A team of astronomers and astrophysicists based at 21 research institutions around the world will receive the 2020 Newcomb Cleveland Prize, presented by the American Association for the Advancement of Science, for a discovery that could improve our understanding of the structure of the Universe, as well as galaxy formation and evolution.
Each year since 1923, the Newcomb Cleveland Prize has honored the most impactful research paper published in the journal Science. In this year’s winning paper, the authors described how they became the first to pinpoint the origin of a non-repeating fast radio burst (FRB). Though they last only a few milliseconds, FRBs are some of the brightest radio sources in the sky.
“Fast radio bursts are extremely short extragalactic events — that is, they originate in a galaxy far, far away — and identifying the exact signal source of one is like looking for the proverbial needle in a haystack,” said Holden Thorp, editor-in-chief of Science and chair of the Newcomb Cleveland Prize Selection Committee. “The methods outlined in this study will allow other teams to determine the astronomical origins of more FRBs and in turn, perhaps the elusive nature of their sources.”

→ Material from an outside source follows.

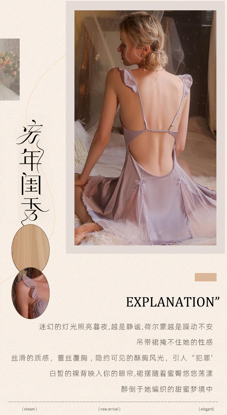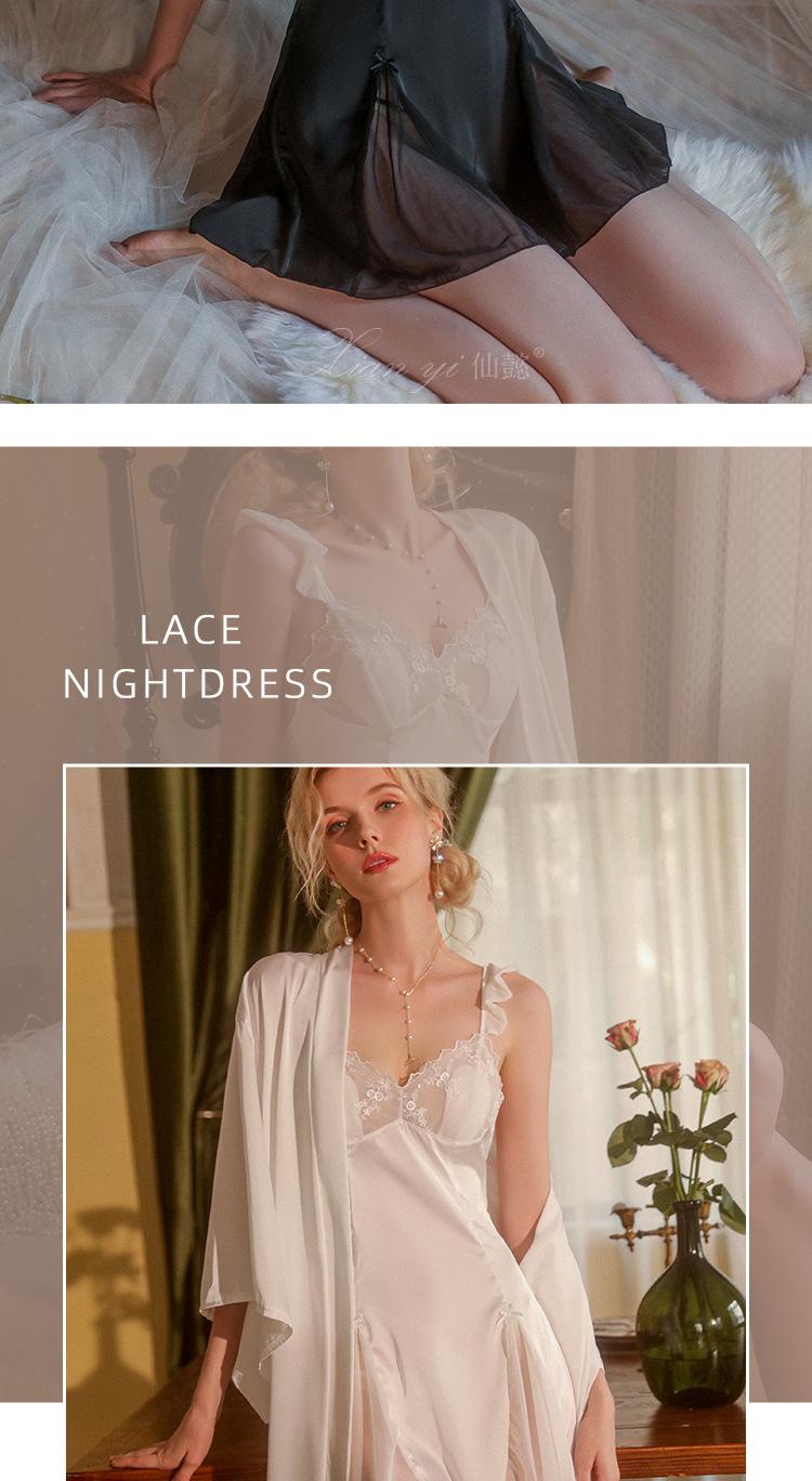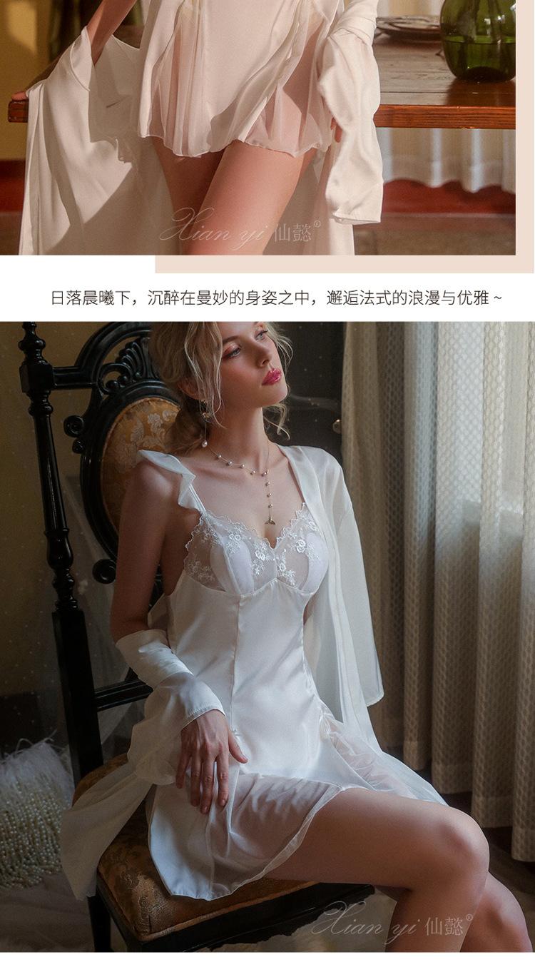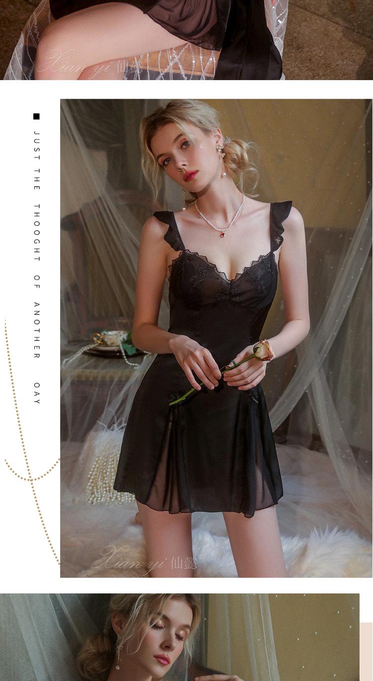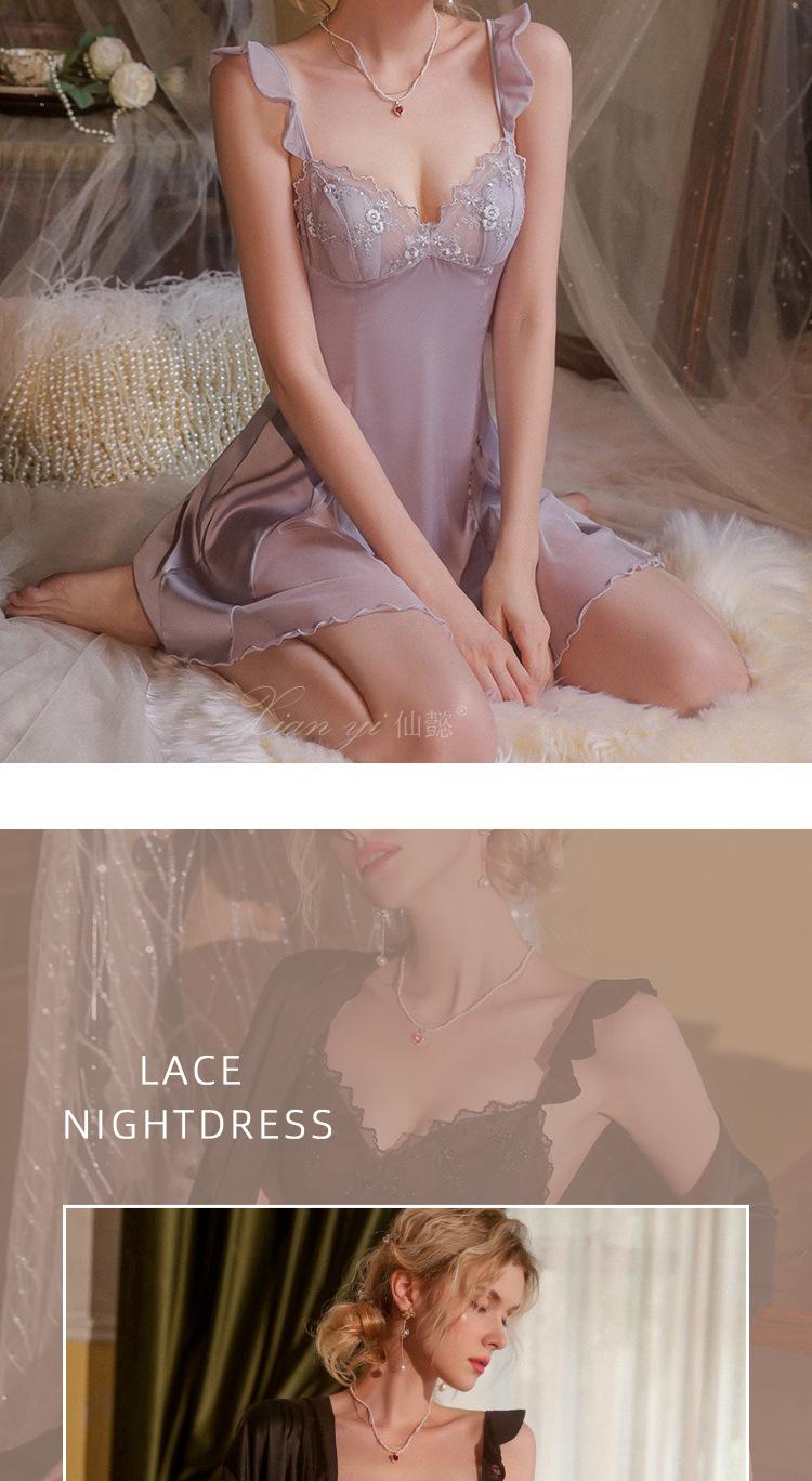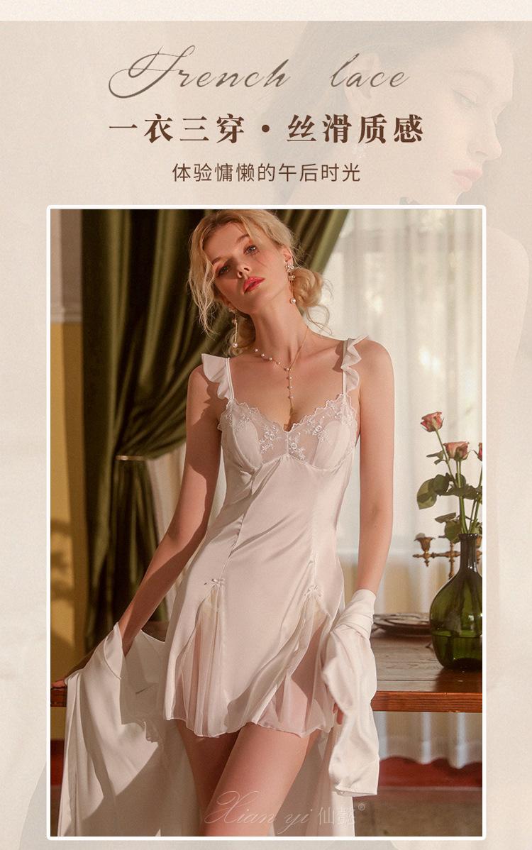 Camisón de encaje Xian Yi con tirantes para mujer, primavera y otoño, sexy, con almohadilla para el pecho, conjunto de ropa de casa para mujer 484

Astronomers discovered FRBs in 2007. While some repeat, the vast majority occur just once, lasting a few milliseconds, and their fleeting nature makes them extremely difficult to study. For more than a decade, researchers were unable to trace a one-off FRB back to its origin.
In an attempt to detect a non-repeating FRB and locate its source, Keith Bannister, a research engineer at the Commonwealth Scientific and Industrial Research Organisation (CSIRO), Australia’s national science agency, led an international collaboration. Bannister’s team included scientists from Australia, Chile, India, Japan, the Netherlands, the United Kingdom and the United States.
Using CSIRO’s Australian Square Kilometre Array Pathfinder telescope, an array of 36 radio dishes, each 12 meters in diameter, the researchers continuously monitored large parts of the sky, waiting for an FRB. To avoid collecting an unmanageable amount of data, they designed a processing system to automatically detect FRBs and save three seconds of data around the events.